## Activity
Quote the listing in full, exactly as given, minus any pictures.

## Dataset extract

________

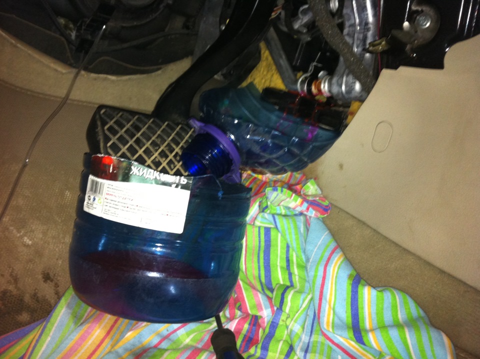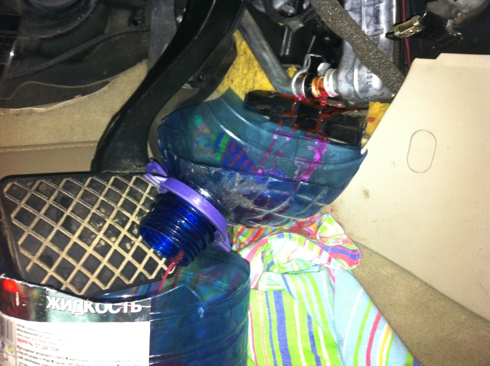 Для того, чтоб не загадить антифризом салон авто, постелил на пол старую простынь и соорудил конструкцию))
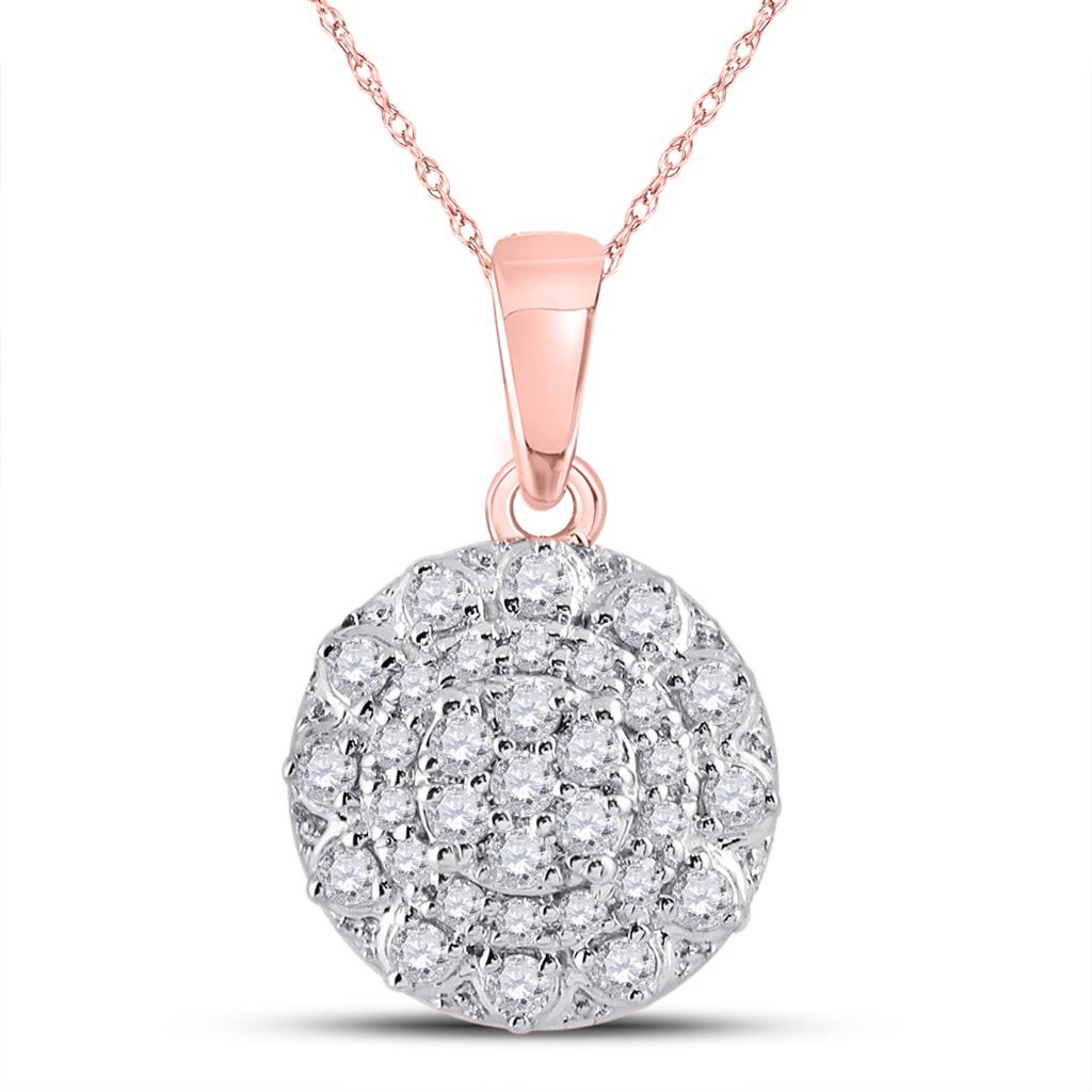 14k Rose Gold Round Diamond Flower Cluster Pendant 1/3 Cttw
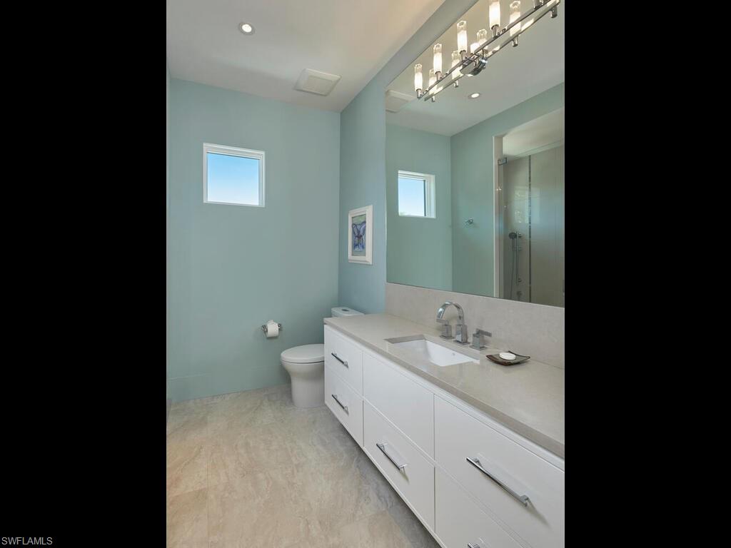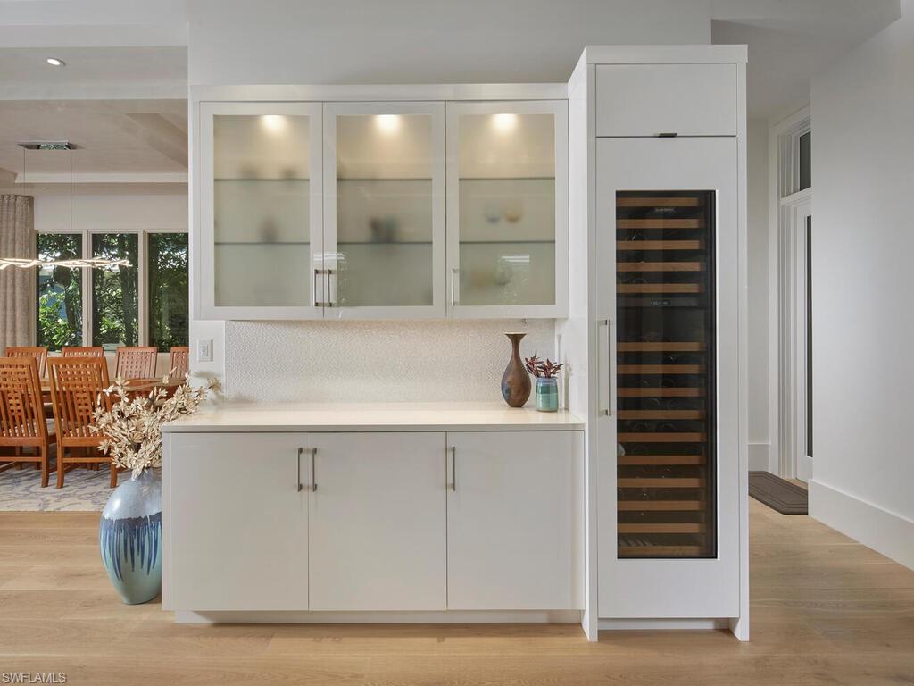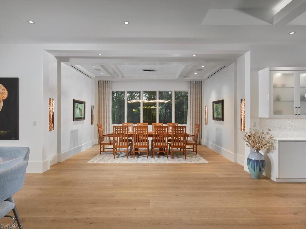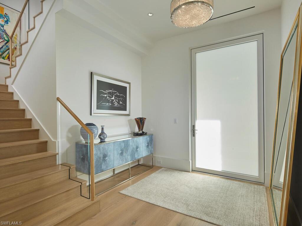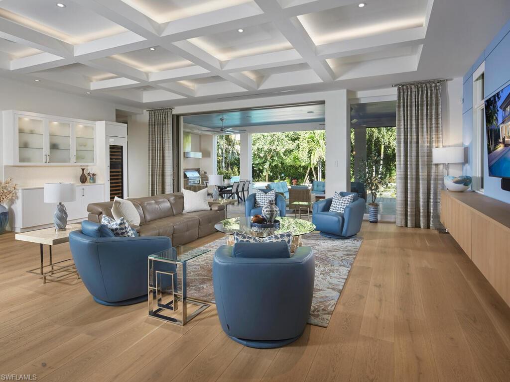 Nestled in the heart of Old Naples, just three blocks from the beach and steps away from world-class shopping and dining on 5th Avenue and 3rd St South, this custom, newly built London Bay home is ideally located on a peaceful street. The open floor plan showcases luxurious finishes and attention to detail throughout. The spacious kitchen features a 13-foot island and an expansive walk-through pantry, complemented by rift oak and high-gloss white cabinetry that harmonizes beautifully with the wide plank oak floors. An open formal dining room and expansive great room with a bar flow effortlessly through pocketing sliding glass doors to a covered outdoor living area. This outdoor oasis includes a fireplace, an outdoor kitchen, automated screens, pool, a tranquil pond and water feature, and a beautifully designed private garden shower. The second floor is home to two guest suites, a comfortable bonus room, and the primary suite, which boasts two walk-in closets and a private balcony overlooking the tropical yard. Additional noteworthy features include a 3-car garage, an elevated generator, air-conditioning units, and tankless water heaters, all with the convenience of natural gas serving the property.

________

## Solution to this exercise
 Для того, чтоб не загадить антифризом салон авто, постелил на пол старую простынь и соорудил конструкцию))
 14k Rose Gold Round Diamond Flower Cluster Pendant 1/3 Cttw
 Nestled in the heart of Old Naples, just three blocks from the beach and steps away from world-class shopping and dining on 5th Avenue and 3rd St South, this custom, newly built London Bay home is ideally located on a peaceful street. The open floor plan showcases luxurious finishes and attention to detail throughout. The spacious kitchen features a 13-foot island and an expansive walk-through pantry, complemented by rift oak and high-gloss white cabinetry that harmonizes beautifully with the wide plank oak floors. An open formal dining room and expansive great room with a bar flow effortlessly through pocketing sliding glass doors to a covered outdoor living area. This outdoor oasis includes a fireplace, an outdoor kitchen, automated screens, pool, a tranquil pond and water feature, and a beautifully designed private garden shower. The second floor is home to two guest suites, a comfortable bonus room, and the primary suite, which boasts two walk-in closets and a private balcony overlooking the tropical yard. Additional noteworthy features include a 3-car garage, an elevated generator, air-conditioning units, and tankless water heaters, all with the convenience of natural gas serving the property.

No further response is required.